In the time before the war in Iraq, Colin Powell famously instructed President Bush in the "Pottery Barn rule." In other words, you break it, you buy it.

As we know, the administration couldn't have botched things better if it had tried. Let's presume for a second that the war was justified. The administration threw out State Department recommendations for the post-invasion phase and naively assumed that this period would prove a cakewalk. There's much more, including this week's report about a US probe of fraud involving billions of dollars in weapons for Iraqi and American forces.

It's no wonder that many Americans would just like the war -- or US involvement in it -- to go away.

Most of the attention about the recent first seasonal episode of HBO's Real Time with Bill Maher has gone to actor Tim Robbins's excoriation of Cheney biographer Stephen Hayes. Yet another member of their panel, an NPR journalist, made a provocative point: that American liberals are selective when it comes to human rights, caring more about this subject in the US and some other countries than in Iraq. I think she was on to something.

In related news, the New York Times reports today on how few of the Iraqis who have aided the US in their country are reaching American safe havens:

BAGHDAD — Despite a stepped-up commitment from the United States to take in Iraqis who are in danger because they worked for the U.S. government and military, very few are signing up to go, resettlement officials said.

The reason, Iraqis say, is that they are not allowed to apply in Iraq, requiring them to make a costly and uncertain journey to countries like Syria or Jordan, where they may be turned away by border officials already overwhelmed by fleeing Iraqis.

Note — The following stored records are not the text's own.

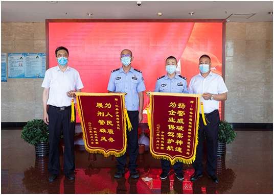 培训中心主任孔德明代表星空官方端网站登录入口-星空online(中国)向怀柔分局雁栖经济开发区派出所所长和怀柔分局刑侦支队支队长送上锦旗,代表公司感谢人民警察服务企业生产建设、守护一方平安付出的艰辛努力,感谢怀柔分局雁栖开发区派出所和怀柔分局刑侦支队急企业所急、想人民所想,在企业遇到困难时及时出警,有力保障了企业财产安全,维护了社会良好秩序,为企业发展创造了平安和谐的营商环境。
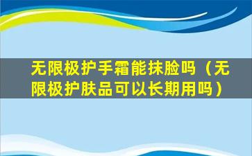 无限极护手霜主要是为手部肌肤设计的,其成分和质地可能与面部护肤品有所不同。虽然护手霜在紧急情况下可以用于面部,但不建议长期或频繁使用。面部肌肤通常比手部肌肤更敏感和细腻,因此需要使用专门为面部设计的护肤品。
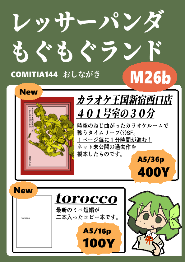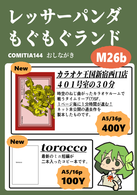 20 91 【おしらせ】 5月5日に開催されるコミティア144に、サークル「レッサーパンダもぐもぐランド」で初参加します ネット未公開の過去作で、「1ページに1分ずつ時間が進む」という設定の30ページくらいの時間モノSFを出すので K I T E N E 双葉すずきより 23/04/11 17:02

The United Nations has submitted more than 9,000 Iraqis to the United States for consideration as refugees since the State Department announced a new resettlement program in February, but only about 5 percent of the applicants are former employees connected with the U.S. war effort, according to figures provided by the United Nations and the International Organization for Migration, the agencies processing the cases.

This year, administration officials began publicly discussing the special dangers faced by Iraqis working with Americans here and acknowledging the need to grant them safe haven in the United States. To that end, the Bush administration has set up a special program for a small number of Iraqis, which gives preferential treatment to full-time employees of the U.S. Embassy, currently about 125 in Baghdad, and to 500 interpreters by allowing them to skip the lengthy U.N. refugee process once they leave Iraq.

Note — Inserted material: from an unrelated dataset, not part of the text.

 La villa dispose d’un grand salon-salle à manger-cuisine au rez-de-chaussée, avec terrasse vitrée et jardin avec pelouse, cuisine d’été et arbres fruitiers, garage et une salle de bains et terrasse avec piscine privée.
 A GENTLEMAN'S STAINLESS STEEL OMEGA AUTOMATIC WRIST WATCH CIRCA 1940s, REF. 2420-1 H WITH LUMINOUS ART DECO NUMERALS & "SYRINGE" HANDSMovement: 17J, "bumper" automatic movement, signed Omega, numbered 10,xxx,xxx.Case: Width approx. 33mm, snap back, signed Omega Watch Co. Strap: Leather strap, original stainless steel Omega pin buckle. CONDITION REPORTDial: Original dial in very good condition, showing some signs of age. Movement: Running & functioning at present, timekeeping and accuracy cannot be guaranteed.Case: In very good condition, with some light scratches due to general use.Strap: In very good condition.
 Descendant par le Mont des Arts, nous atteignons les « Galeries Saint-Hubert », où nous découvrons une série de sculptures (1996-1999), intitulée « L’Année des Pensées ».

But thousands more Iraqis work for the United States through contractors like Titan, a subsidiary of L-3 Communications; DynCorp International; Parsons Corp.; and Triple Canopy. In all, 69,000 Iraqis work on contracts with the Defense Department through Iraqi and foreign companies, according to the U.S. military. They are cleaners, construction workers, drivers, security guards, to name a few, and although they face the same reprisals as anyone working more directly with the U.S. government, they do not fall into the special category.